Work instruction →
Print the listing below word for word, but drop any pictures it contains.

Information supplied →
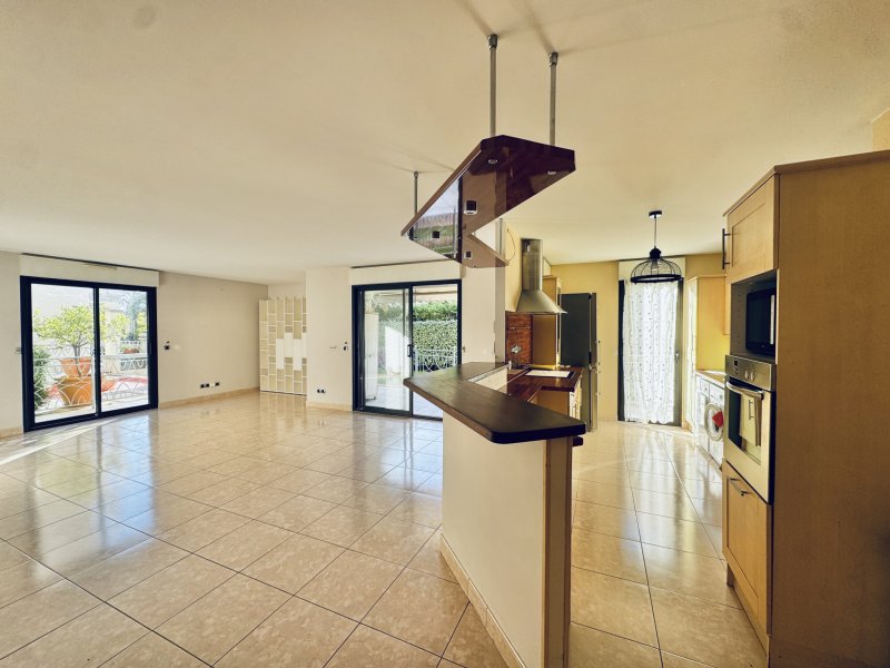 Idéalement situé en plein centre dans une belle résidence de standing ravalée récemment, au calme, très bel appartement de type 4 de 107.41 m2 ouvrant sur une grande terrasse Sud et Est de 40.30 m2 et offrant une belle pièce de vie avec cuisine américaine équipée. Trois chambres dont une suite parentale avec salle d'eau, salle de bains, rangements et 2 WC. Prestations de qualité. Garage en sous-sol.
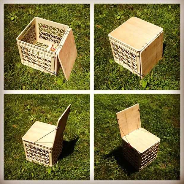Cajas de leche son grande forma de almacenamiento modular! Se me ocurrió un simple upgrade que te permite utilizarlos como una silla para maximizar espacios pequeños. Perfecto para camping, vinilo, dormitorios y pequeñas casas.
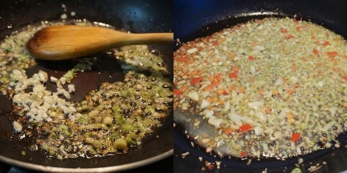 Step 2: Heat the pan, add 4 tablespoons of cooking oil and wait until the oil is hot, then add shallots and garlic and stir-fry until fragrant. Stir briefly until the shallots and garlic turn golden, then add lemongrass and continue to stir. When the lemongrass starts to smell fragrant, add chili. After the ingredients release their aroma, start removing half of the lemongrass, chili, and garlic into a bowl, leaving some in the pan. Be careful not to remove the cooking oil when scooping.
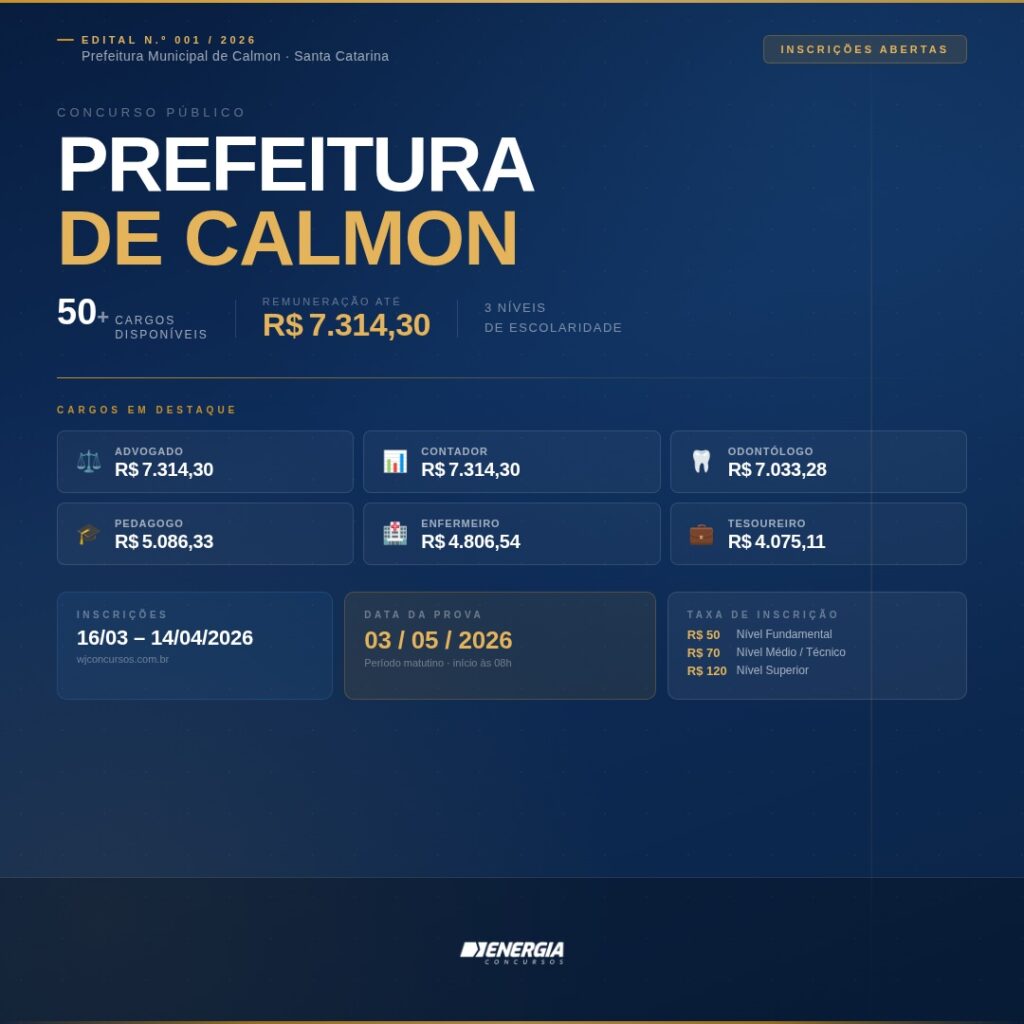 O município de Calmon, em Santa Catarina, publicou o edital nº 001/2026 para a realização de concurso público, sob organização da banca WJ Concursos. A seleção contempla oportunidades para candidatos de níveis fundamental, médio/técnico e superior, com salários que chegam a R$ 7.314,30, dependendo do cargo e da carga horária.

Written solution →
 Idéalement situé en plein centre dans une belle résidence de standing ravalée récemment, au calme, très bel appartement de type 4 de 107.41 m2 ouvrant sur une grande terrasse Sud et Est de 40.30 m2 et offrant une belle pièce de vie avec cuisine américaine équipée. Trois chambres dont une suite parentale avec salle d'eau, salle de bains, rangements et 2 WC. Prestations de qualité. Garage en sous-sol.
Cajas de leche son grande forma de almacenamiento modular! Se me ocurrió un simple upgrade que te permite utilizarlos como una silla para maximizar espacios pequeños. Perfecto para camping, vinilo, dormitorios y pequeñas casas.
 Step 2: Heat the pan, add 4 tablespoons of cooking oil and wait until the oil is hot, then add shallots and garlic and stir-fry until fragrant. Stir briefly until the shallots and garlic turn golden, then add lemongrass and continue to stir. When the lemongrass starts to smell fragrant, add chili. After the ingredients release their aroma, start removing half of the lemongrass, chili, and garlic into a bowl, leaving some in the pan. Be careful not to remove the cooking oil when scooping.
 O município de Calmon, em Santa Catarina, publicou o edital nº 001/2026 para a realização de concurso público, sob organização da banca WJ Concursos. A seleção contempla oportunidades para candidatos de níveis fundamental, médio/técnico e superior, com salários que chegam a R$ 7.314,30, dependendo do cargo e da carga horária.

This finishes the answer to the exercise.